RIP  [<ffffffffcd82c771>] 0xffffffffcd82c771
RSP <ffffffff81803e30>
CR2: ffffffffcd82c740
---[ end trace 0000000000000000 ]---
Kernel panic - not syncing: Attempted to kill the idle task!
---[ end Kernel panic - not syncing: Attempted to kill the idle task!
random: fast init done
 

As Gabe said, kernel panic means the kernel completely shuts down,
there is no way your simulation can be running after one.

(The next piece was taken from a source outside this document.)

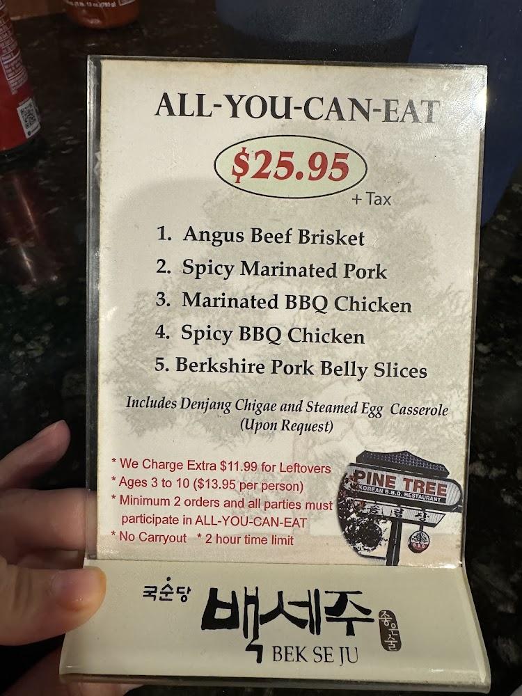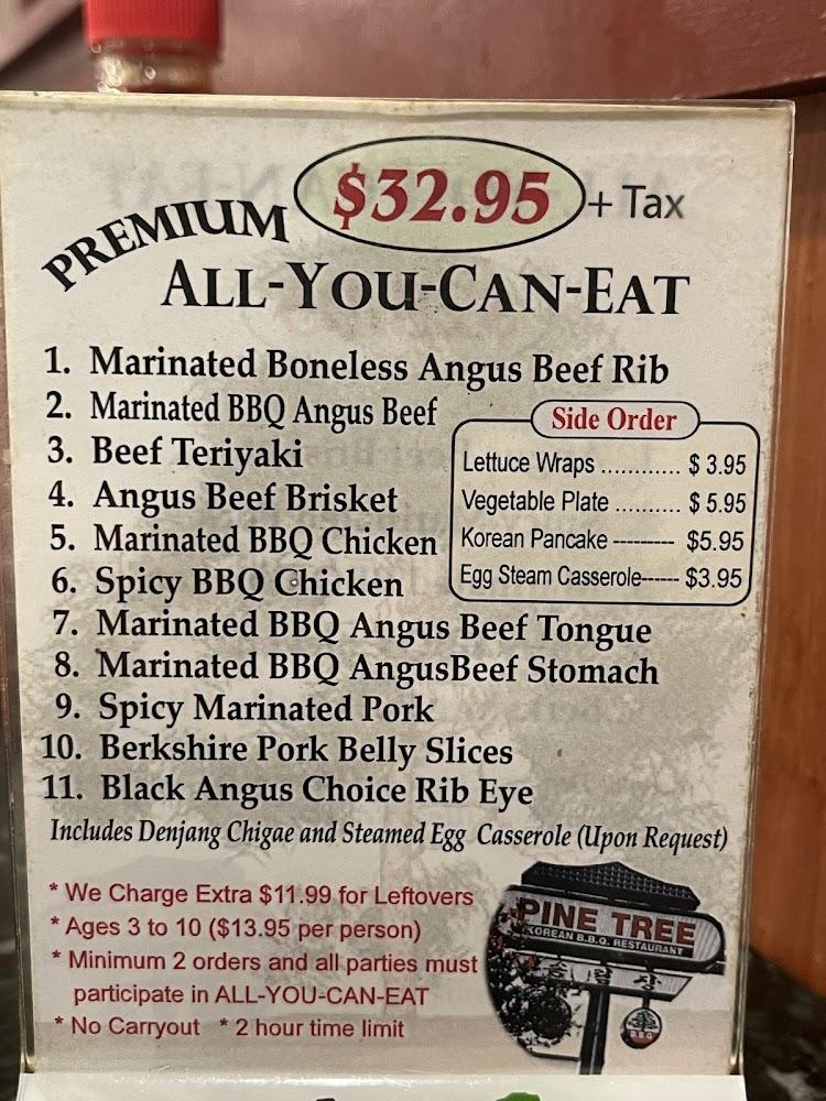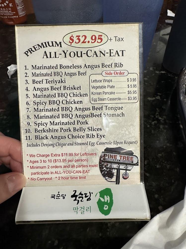 The menu at Pine Tree Korean BBQ showcases a wide array of flavors. Guests can enjoy classic Korean BBQ options, featuring beautifully marinated meats like Angus beef brisket and spicy pork. The all-you-can-eat option stands out, offering diverse selections allowing diners to explore different tastes.

You can also have a look at the kernel source of the backtrace
"text_poke_early", and see if it gives a clue to what happened.
Sometimes it is easy, sometimes not.

You can find the exact line with GDB post-mortem with GDB
disassemble/rs
https://stackoverflow.com/questions/22769246/how-to-disassemble-one-single-function-using-objdump/31138400#31138400

You can also try to connect through the GDB stub and step debug kernelcode.


 
So I’m not sure if it is working. Still, I tested the application
before, and everything was working. However, I’m not so sure now, and
I didn’t want to use m5term, because I don’t know how to kill it
without killing the simulation and having to restart all over again.
Since, this has being running for a few days already, and I’m
collecting traces, and the trace file  has increased over this entire
time.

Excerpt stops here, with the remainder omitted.